Second, I had trouble accessing SecureSend emails in the browser on my iPhone. I would input my email address for the second email and the SecureSend workflow would just continue in circles, asking me for my email address over and over. Completing the SecureSend workflow on the Mac worked on the first try. So whether there was some user error when viewing a SecureSend email on the iPhone or if I have some privacy settings set for Safari that causes SecureSend to go into circles, I’m unsure.
But if SecureSend has these hiccups, it deserves big praise for how easy it is to view a secure email in the browser on the recipient side. When you receive the SecureSend email, it’s clear that the sender sent the email with security in mind, and the two-step process in the browser is relatively easy for anyone to pick up and use. By moving the secure portal into a browser, at least some security is added to the entire email workflow for sender and recipient, and I applaud the Canary team for making it so easy to access that boosted security.
All in all, SecureSend is a net positive in my book. Despite some inherent issues when working with automatic encryption and providing accessibility to all recipients (rather than just those with your manual PGP encryption key), SecureSend adds some security to the email workflow.

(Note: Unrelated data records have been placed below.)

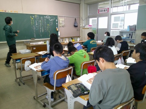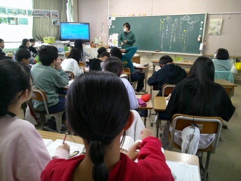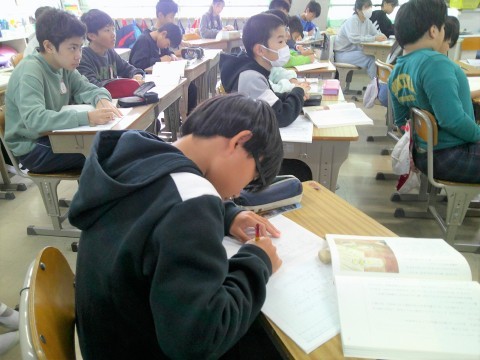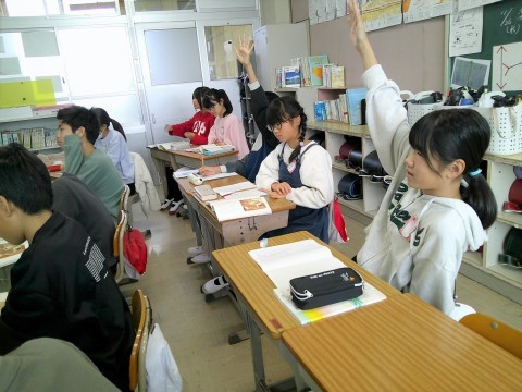 2組は国語で,ブック・ウーマンとの交流や心情の変化について読み深めていました。「家にこもりっきりの生活をしていた」という一文について,「なぜこもりっきりの生活が気にならないのか」考えています。本文にはない行間です。行間を読むことで物語の神髄に触れる楽しさもありますよ。みんなで意見を出し合ってね。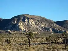 Ryan Mountain is a 5,456-foot-high (1,663 m) mountain in Joshua Tree National Park. The trail to the peak is a strenuous hike, ascending 1,050 feet (320 m) in 1.5 miles (2.4 km).[1] Ryan Mountain is a popular attraction in the park, because it leads to panoramic views of Pinto Basin, Lost Horse Valley, Queen Valley, and Pleasant Valley.[2] It is one of the locations in Joshua Tree that features abundant lichen populations.[3] It is named after J.D. Ryan, a wealthy rancher and early mining operator in the park.[4]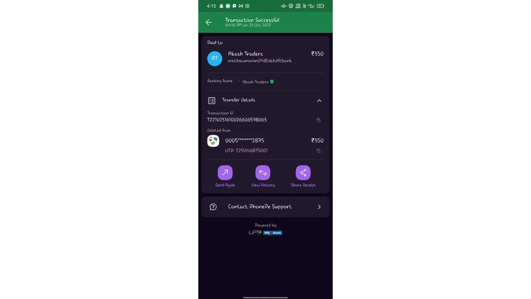 I deposited sum of 350 through phone pe but didn't get credited to my bet account.It says it will be credited within 5 hours but still didn't get credited.Please resolve this ASAP. I have attached image of transfer also ...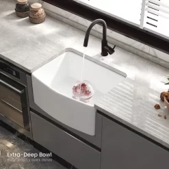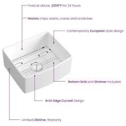 Crafted from the most durable material, this fireclay sink is baked at higher than 2,000 degrees F and features with a smooth, glossy surface that resist heat, stains and scratches. With the protective bottom grid and distinctive look, the Pure Fireclay Sink is truly crafted to match your design and functional desires.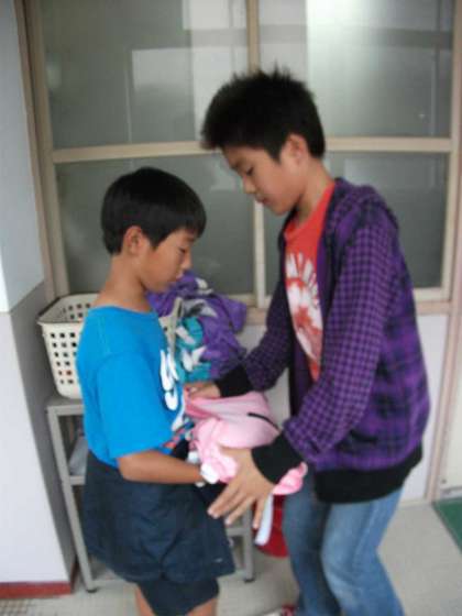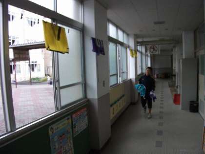 自転車交通安全教室で使ったビブスを洗濯しました。廊下に干してあったものの取り入れは,6年生が手伝ってくれました。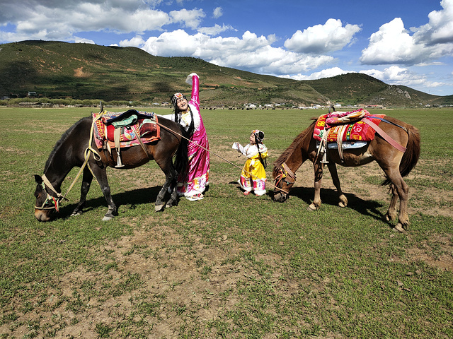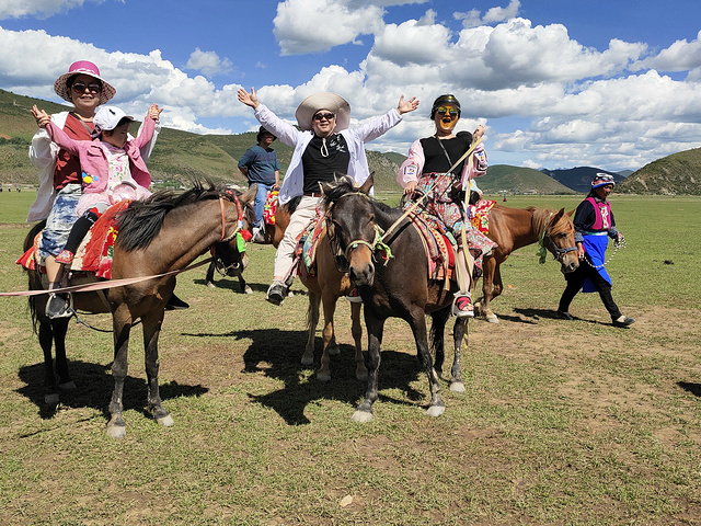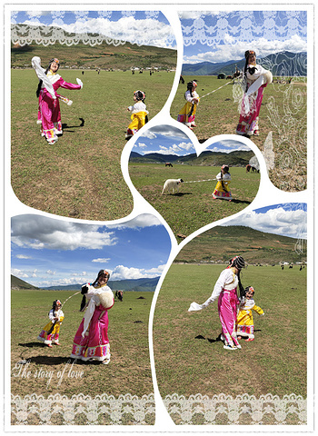 骑马我们选得是B线路,160元一人马上行程一个半小时,到达景点拍照时间随我们心情而定。租藏族服饰和小羊羔拍照共40元。小羊羔挺可爱,开始让小糯米去抱,她不敢。过了没多久她就牵着到处跑,可小羊羔不听使唤:经常不是停下来喝水吃草就是跟她往相反方向跑与她成对抗之势。我们在草原上边唱边跳放飞自我,玩得不亦乐乎。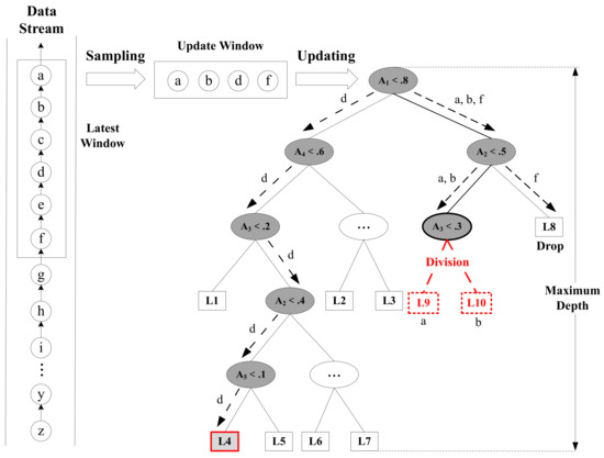 The instances in the buffer enter the tree-building window and form the dataset , which is used to create new trees (see Section 3.3.2). In the same way as in the initial training process, we sequentially perform sampling with replacement, random selection, and partitioning to build a new random binary tree using . Finally, the building window will be emptied.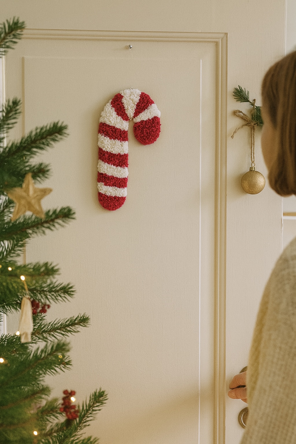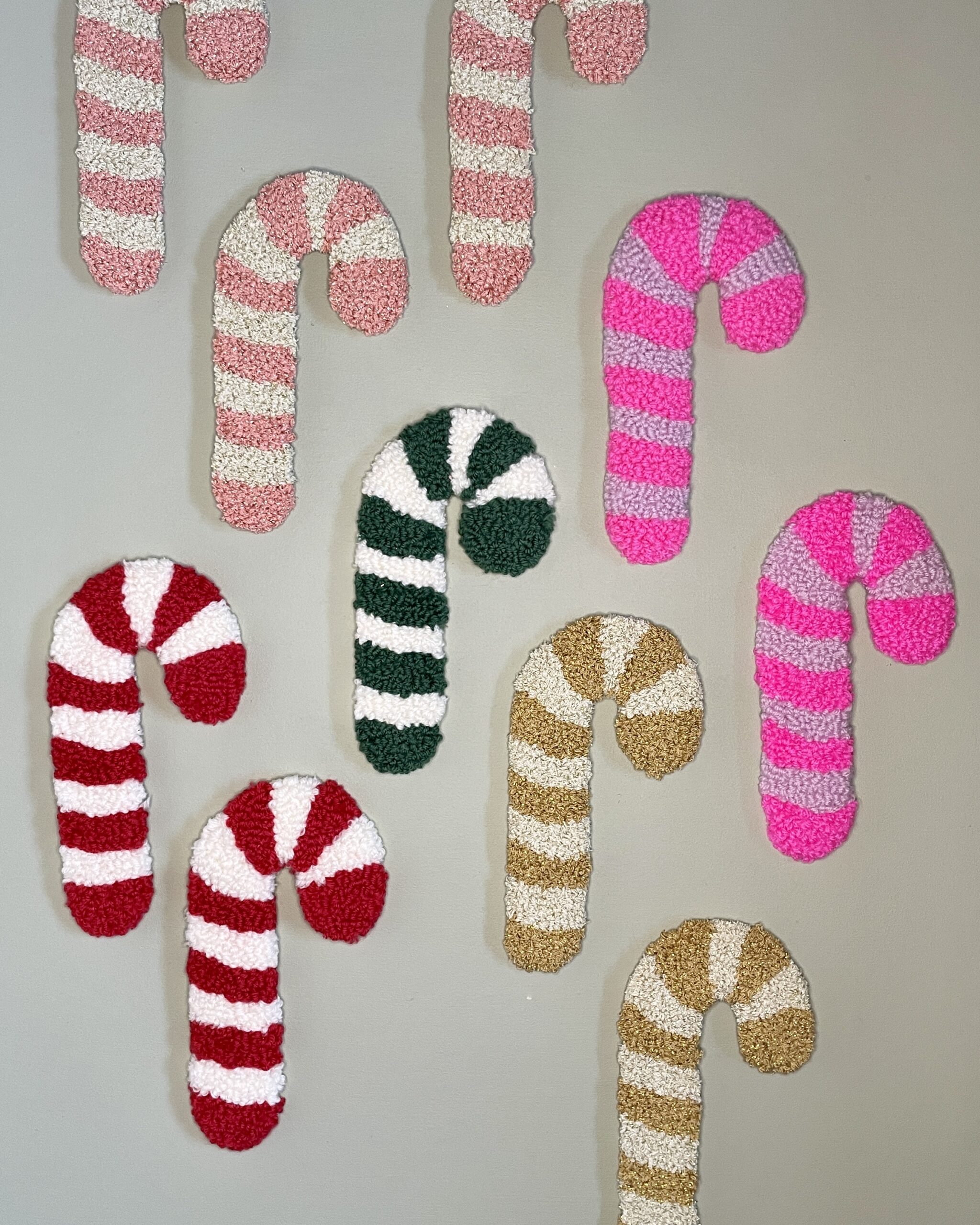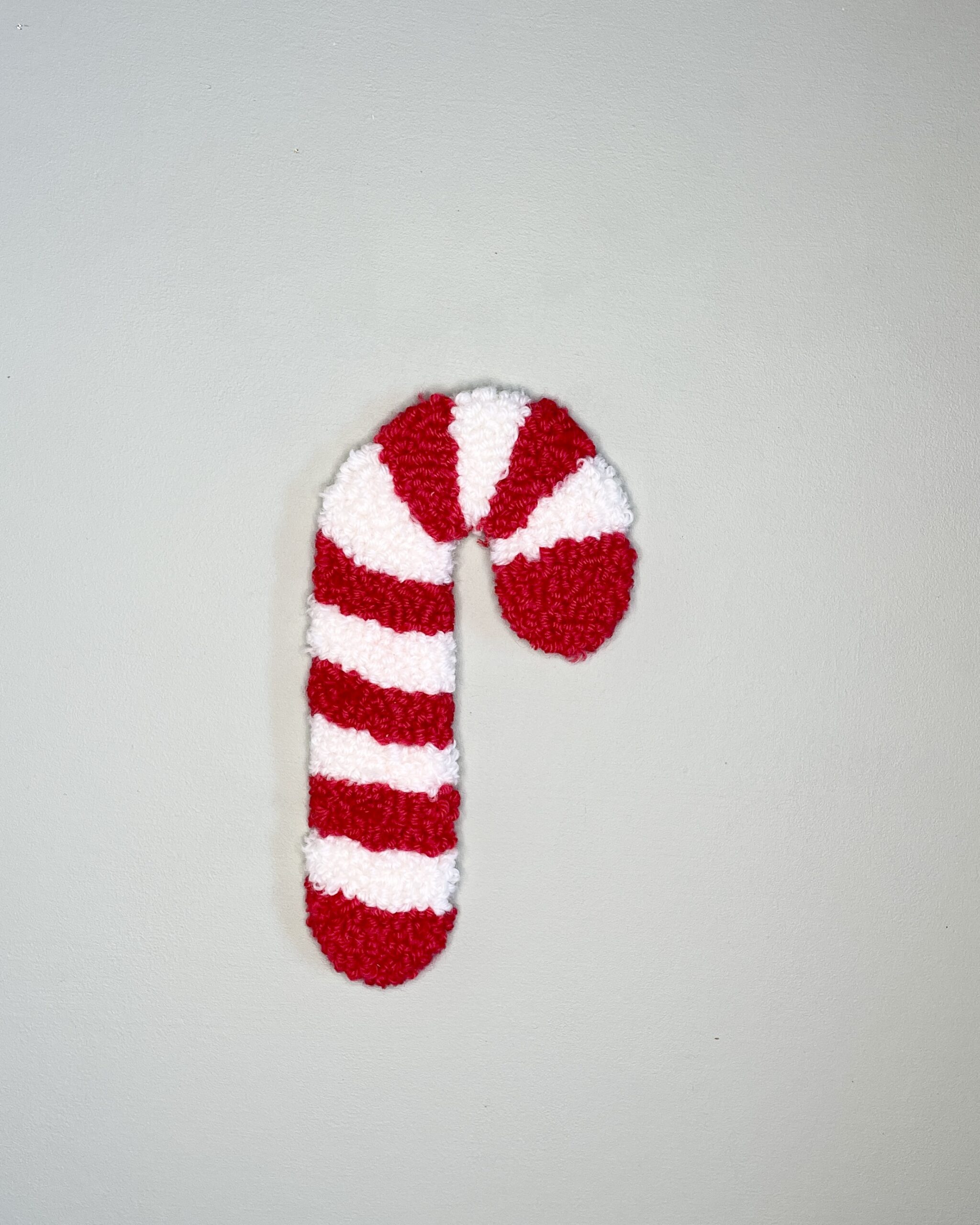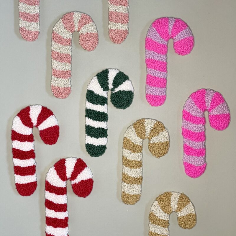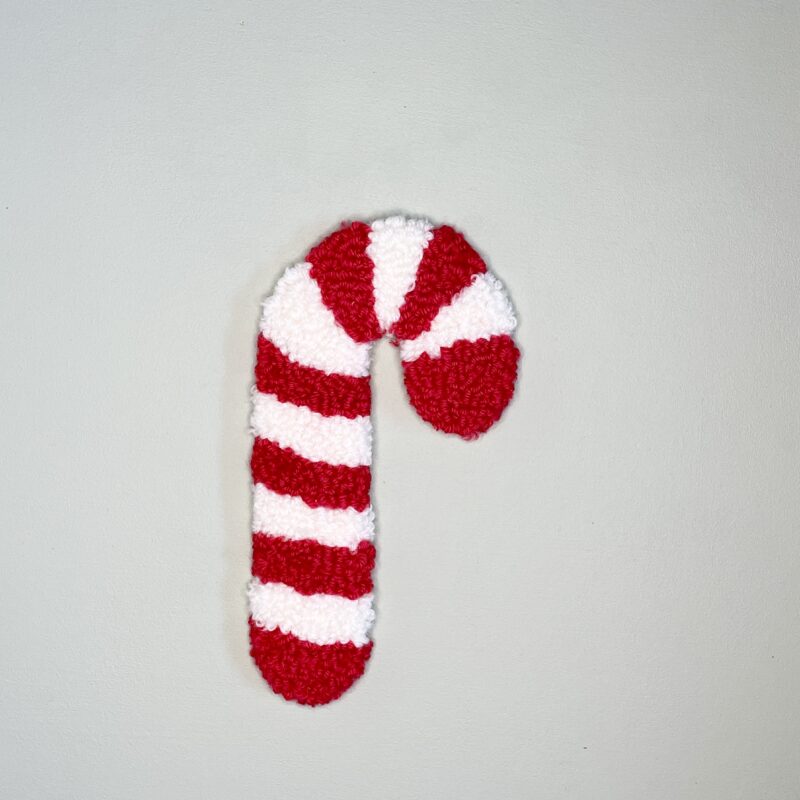 Julestokken er tuftet i blødt uldgarn med danellanål, hvilket giver en taktil overflade og et levende udtryk. Den klare, klassiske røde farve og de hvide striber skaber et tidløst, varmt julelook, der passer ind i både moderne og mere traditionelle hjem.

Putting the secure portal into the browser ensures anyone can access your securely sent email and can download any attachments you’ve included with the email. And SecureSend’s other features — like the ability to revoke access to sensitive emails — are bits of sprinkles on the cake.
There are of course a range of other features inside Canary that make it an excellent email client. I especially like the ease of determining if your emails have been read by your recipients. I also love the fourth panel on the far right side of Canary for Mac, which shows various details about your recipient and any prior files they’ve shared with you.
Canary is available on iPhone, iPad, and the Mac. You can purchase Canary for iPhone and iPad for $20 and you can purchase Canary for Mac for $20 each after a 30-day trial.